Yes. That CAN be. Next, I’m invited to explore the idea that some emotional complex of MINE is what is holding this judgment in place in me. In other words, some “pre-existing condition” in my emotional body is being activated, triggered. I think this is an earth shaking revelation to contemplate. To think that my own suppressed emotional material has that kind of force. To think that I can perhaps free myself of this addiction to judgment by understanding how it works, what gives it its power.
And to think of the possibility of lifting this emotional material, dissolving it, resolving it, moving it, transforming it. This is an awesome possibility.

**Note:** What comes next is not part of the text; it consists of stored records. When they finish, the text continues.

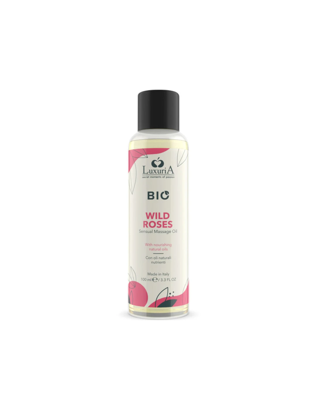 Luxuria BIO Wild Roses es un aceite de masaje de la nueva línea Bio de Luxuria. Su fórmula nutritiva a base de aceites vegetales totalmente naturales y esencias estimulantes refinadas proporciona una hidratación intensa, dejando la piel suave y perfumada. El aceite estimulará tus sentidos con sus notas floreales y de pétalos de rosa que te acompañarán durante todo el masaje.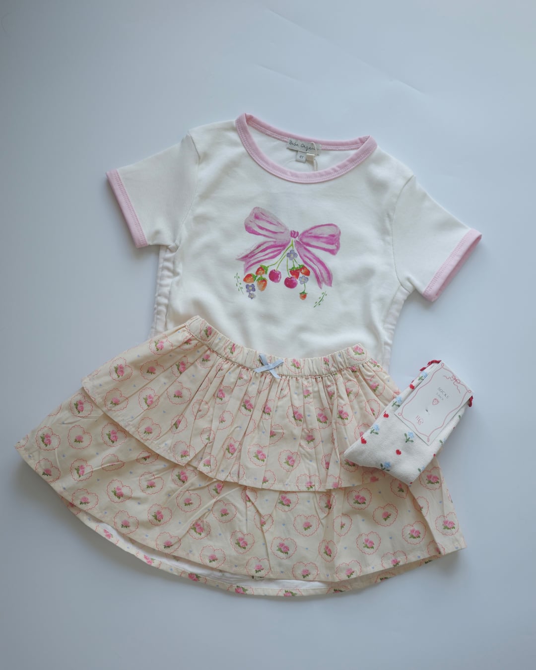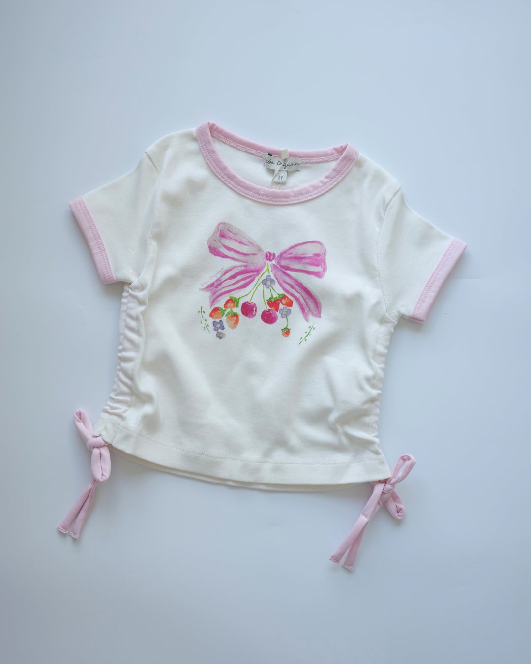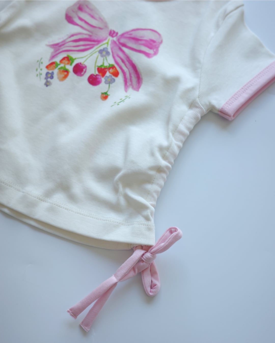 ▶︎ ピンクのリボンとフルーツプリントが愛らしく、サイドのリボンディテールがガーリーなアクセントに♡!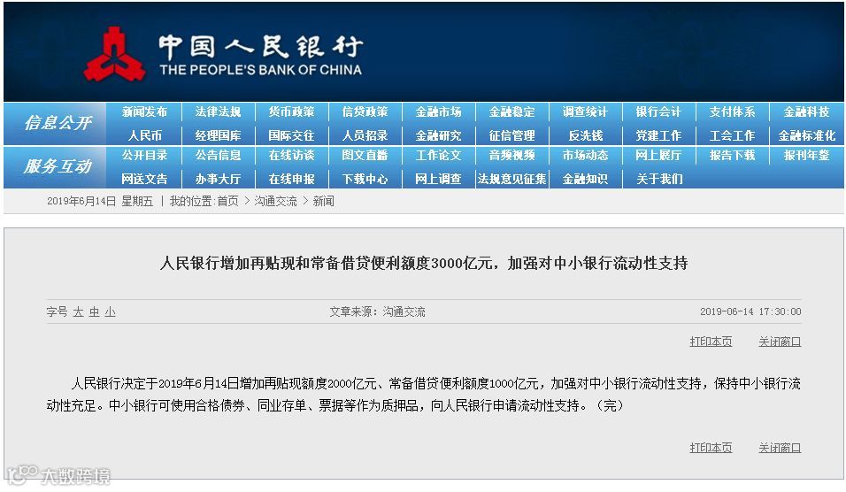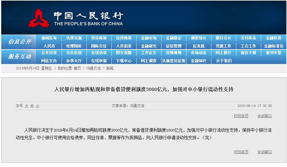 人民银行决定于2019年6月14日增加再贴现额度2000亿元、常备借贷便利额度1000亿元,加强对中小银行流动性支持,保持中小银行流动性充足。中小银行可使用合格债券、同业存单、票据等作为质押品,向人民银行申请流动性支持。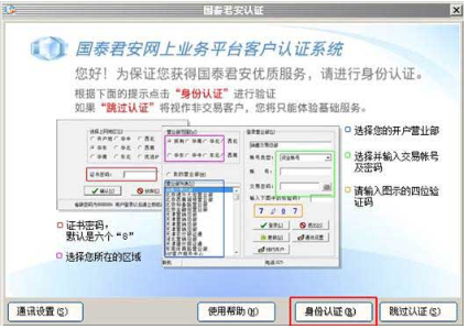首次登录国泰君安大智慧会要求进行身份认证,由于身份认证可以把交易客户和非交易客户,高价值和普通客户予以区分进行针对性服务,所以建议国泰君安网上交易客户主动通过身份认证(非国泰君安网上交易客户可以跳过认证),认证方法如下: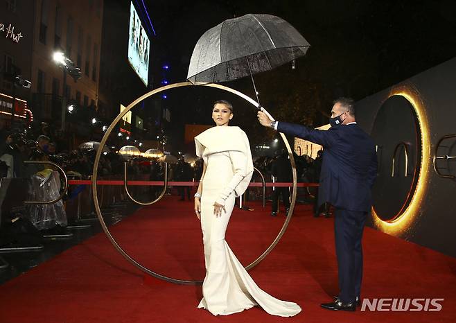 [런던=AP/뉴시스] 배우 젠데이아 콜먼이 18일(현지시간) 영국 런던에서 열린 영화 '듄' 시사회에 도착해 포토타임을 갖고 있다. 2021.10.19.
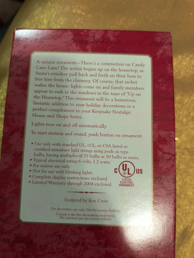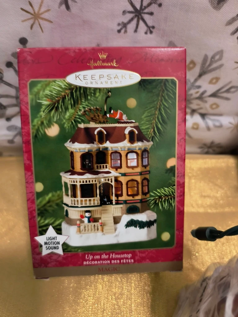 29Selling a Hallmark Keepsake Ornament, "Up on the Housetop"! It features light, motion, and sound. The ornament lights turn on and off automatically. It requires 6 volts and 1.2 watts. Comes in the original box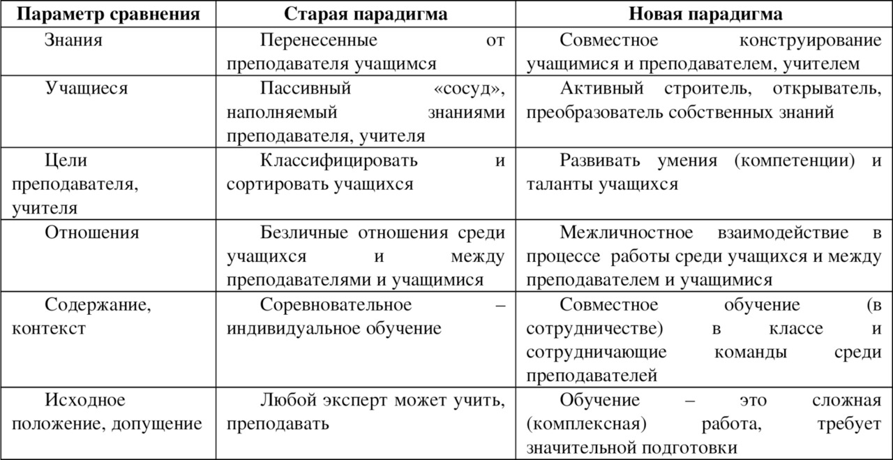 Сравнение старой и новой парадигм в образовании10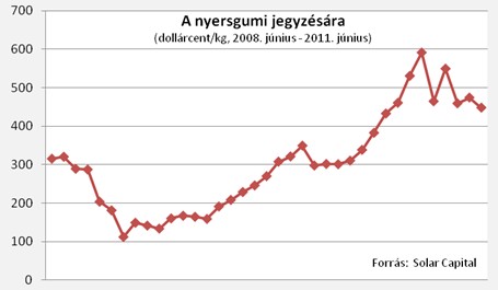 A gumi ára a kereslet erőteljes növekedésének köszönhetően az árutőzsdén felfelé indult, ám a kereslet és a kínálat egyensúlytalansága várhatóan újabb csúcsokra röpíti az értékét az idei évben. A jegyzésár az elmúlt három évben jelentős mozgásokat produkált. Míg 2008 derekán még 300 dollárcent körül mozgott, egy évvel később már csak 100 dollárcent volt. Az idei év elején pedig valamivel 600 dollárcent alatt tetőzött.
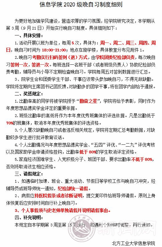 工欲善其事,必先利其器。信息學院在廣泛征求師生意見,認真做好工作調研的基礎上,從時間安排、請假流程、獎懲規定等方面修訂完善晚自習制度,培養學生制度意識,促進朋輩幫扶,培育晚自習文化。

I’ll end this installment here and continue this subject in the next. I invite you to tinker with these ideas if they interest you. You have nothing to lose and possibly much to gain. You might choose for starters some sticky judgment that’s been adhered to you for years. Not a big monumental one, but one of slightly less importance and intensity. Look at that judgment in the light of this definition and see what you discover. This will be an adventure of the psyche. I wish you a good trip.